Work to be completed: All of the records below are to be output exactly; no image belongs in the result.

Source records

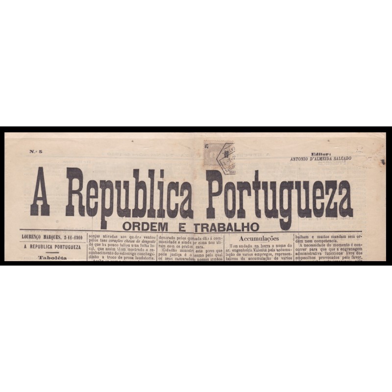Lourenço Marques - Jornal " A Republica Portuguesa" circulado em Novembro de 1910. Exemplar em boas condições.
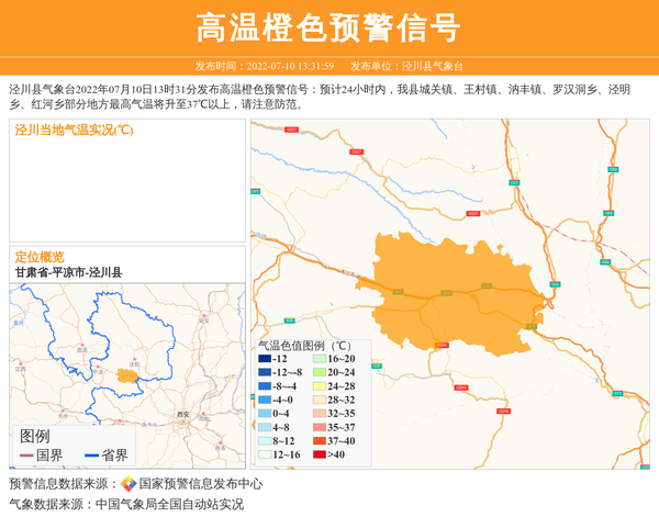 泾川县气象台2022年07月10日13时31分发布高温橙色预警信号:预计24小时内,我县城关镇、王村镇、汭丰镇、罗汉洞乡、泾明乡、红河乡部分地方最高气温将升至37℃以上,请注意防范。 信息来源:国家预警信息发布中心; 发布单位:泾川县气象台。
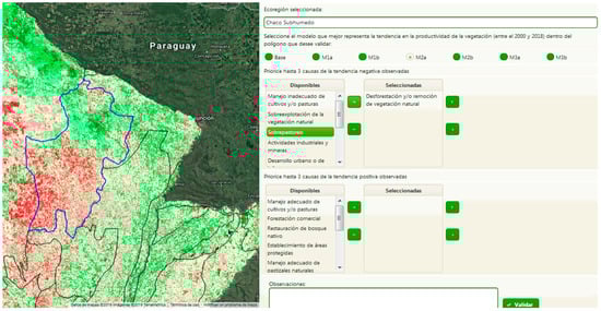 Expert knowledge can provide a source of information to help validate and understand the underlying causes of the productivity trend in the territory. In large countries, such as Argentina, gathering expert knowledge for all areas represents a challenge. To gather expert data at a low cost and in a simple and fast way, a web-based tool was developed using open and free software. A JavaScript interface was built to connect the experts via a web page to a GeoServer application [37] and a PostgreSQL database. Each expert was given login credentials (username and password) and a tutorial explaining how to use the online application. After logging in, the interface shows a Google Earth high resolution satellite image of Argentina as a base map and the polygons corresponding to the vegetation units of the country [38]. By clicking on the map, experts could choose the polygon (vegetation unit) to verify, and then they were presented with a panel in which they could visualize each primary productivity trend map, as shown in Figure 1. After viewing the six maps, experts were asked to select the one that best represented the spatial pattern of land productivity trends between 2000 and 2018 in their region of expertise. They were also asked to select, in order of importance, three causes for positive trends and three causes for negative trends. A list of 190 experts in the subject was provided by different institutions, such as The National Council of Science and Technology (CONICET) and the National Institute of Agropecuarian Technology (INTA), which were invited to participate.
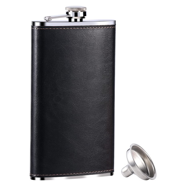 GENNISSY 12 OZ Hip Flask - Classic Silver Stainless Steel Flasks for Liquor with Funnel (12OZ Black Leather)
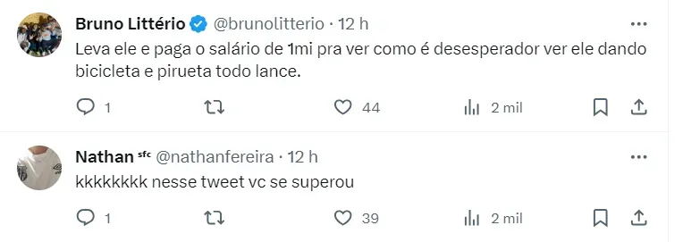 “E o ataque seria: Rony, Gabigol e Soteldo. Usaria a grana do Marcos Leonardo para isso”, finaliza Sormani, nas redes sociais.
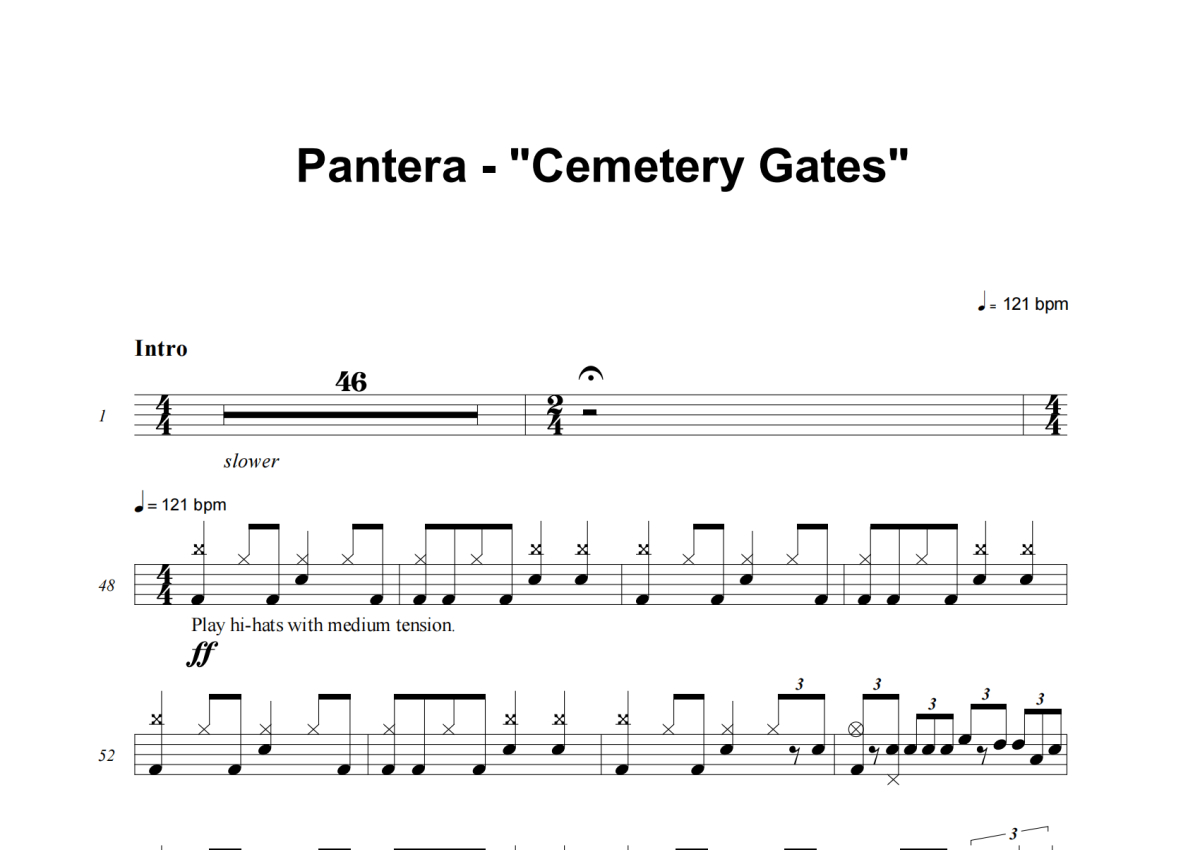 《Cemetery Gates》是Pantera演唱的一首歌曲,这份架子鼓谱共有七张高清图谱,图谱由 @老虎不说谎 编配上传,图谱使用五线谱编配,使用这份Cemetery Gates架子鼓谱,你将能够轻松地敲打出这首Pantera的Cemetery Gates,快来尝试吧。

Response:
Lourenço Marques - Jornal " A Republica Portuguesa" circulado em Novembro de 1910. Exemplar em boas condições.
 泾川县气象台2022年07月10日13时31分发布高温橙色预警信号:预计24小时内,我县城关镇、王村镇、汭丰镇、罗汉洞乡、泾明乡、红河乡部分地方最高气温将升至37℃以上,请注意防范。 信息来源:国家预警信息发布中心; 发布单位:泾川县气象台。
 Expert knowledge can provide a source of information to help validate and understand the underlying causes of the productivity trend in the territory. In large countries, such as Argentina, gathering expert knowledge for all areas represents a challenge. To gather expert data at a low cost and in a simple and fast way, a web-based tool was developed using open and free software. A JavaScript interface was built to connect the experts via a web page to a GeoServer application [37] and a PostgreSQL database. Each expert was given login credentials (username and password) and a tutorial explaining how to use the online application. After logging in, the interface shows a Google Earth high resolution satellite image of Argentina as a base map and the polygons corresponding to the vegetation units of the country [38]. By clicking on the map, experts could choose the polygon (vegetation unit) to verify, and then they were presented with a panel in which they could visualize each primary productivity trend map, as shown in Figure 1. After viewing the six maps, experts were asked to select the one that best represented the spatial pattern of land productivity trends between 2000 and 2018 in their region of expertise. They were also asked to select, in order of importance, three causes for positive trends and three causes for negative trends. A list of 190 experts in the subject was provided by different institutions, such as The National Council of Science and Technology (CONICET) and the National Institute of Agropecuarian Technology (INTA), which were invited to participate.
 GENNISSY 12 OZ Hip Flask - Classic Silver Stainless Steel Flasks for Liquor with Funnel (12OZ Black Leather)
 “E o ataque seria: Rony, Gabigol e Soteldo. Usaria a grana do Marcos Leonardo para isso”, finaliza Sormani, nas redes sociais.
 《Cemetery Gates》是Pantera演唱的一首歌曲,这份架子鼓谱共有七张高清图谱,图谱由 @老虎不说谎 编配上传,图谱使用五线谱编配,使用这份Cemetery Gates架子鼓谱,你将能够轻松地敲打出这首Pantera的Cemetery Gates,快来尝试吧。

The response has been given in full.